Этот лозунг — самый сильный, действенный в дни боев за Берлин, — можно встретить на танке и на шлагбауме, на орудии, в столовой, в штабе и просто на лесной дороге. Он у всех на устах. Мы долго смотрели на эту незабываемую картину. Под полным диском луны она казалась сказочной. Вот они, наши войска! Вот она, наша армия — крепкая, здоровая, могучая, победоносная!
1945 г., апрель
В РАЙОНАХ БЕРЛИНА
В Берлине наши войска захватили кинокопировальную фабрику. Мы были на ней. В ваннах с проявителем еще мокла пленка, на контрольном столе лежал ролик последней ленты. Это был последний выпуск кинохроники «Новости недели». Но самой главной «новости» этой исторической недели в нем не было: советские войска ворвались в Берлин и положили конец гитлеровской мрачной хронике.
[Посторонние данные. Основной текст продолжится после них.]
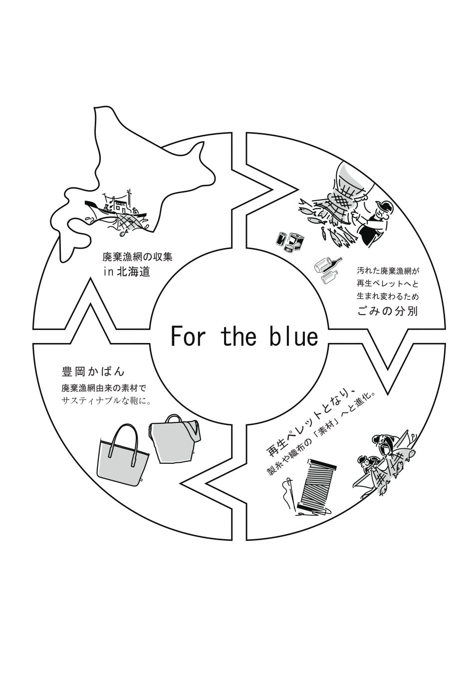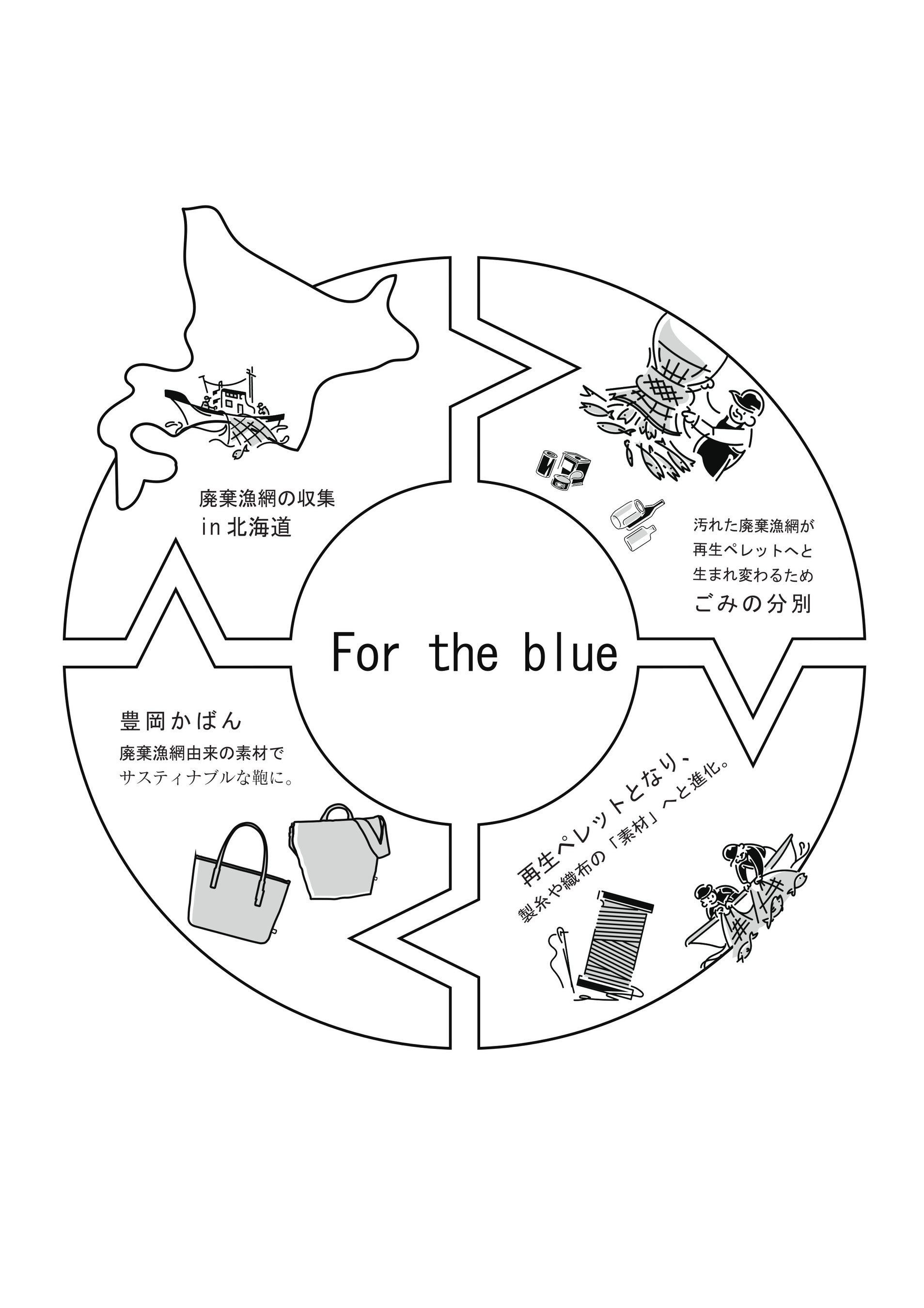 北海道の道東エリアで回収した「廃棄漁網」を採取し、漁網とゴミの分別や洗浄をし、原料となる「再生ペレット」を製造します。複数企業との協働を経て「製糸・織布」と生まれ変わった後にバッグへと生まれ変わります。

Берлин окружен. Взят за глотку. Шаг за шагом, от дома к дому пробиваются к центру города наши бойцы. За Шпрее. К рейхстагу. К Тиргартену. С боем берутся дома, вокзалы, фабрики. Как водные рубежи, форсируются многочисленные городские каналы. Ожесточенный бой идет на улицах и в переулках, в воздухе, на земле и под землей — в берлинском метро.
Берлин основательно разрушен. Гигантские воронки на каждом шагу. Обугленный камень, развороченный бетон, сплющенная арматура, битое стекло. И над всем этим — облака кирпичной пыли и дыма.
В кварталах, охваченных боем, жителей, естественно, не видно. Только кое-где из окна уже высунулся робкий белый флаг. Из окон — белый флаг, а с чердаков — беглый огонь. Но противоречия здесь часто нет. Еще сопротивляются фашистские дивизии. Бессмысленно, упорно, ожесточенно. Это агония загнанного в яму волка. Но мысль о бесполезности борьбы уже проникает в сознание многих немцев.
Мы хотим видеть жителей Берлина. Где они? Кто вывешивал белые флаги?
В подворотне большого дома стоят женщины. Пожилые немки, они испуганно смотрят на нас. Что вы здесь делаете?
— Дышим, — отвечают они, — дышим воздухом.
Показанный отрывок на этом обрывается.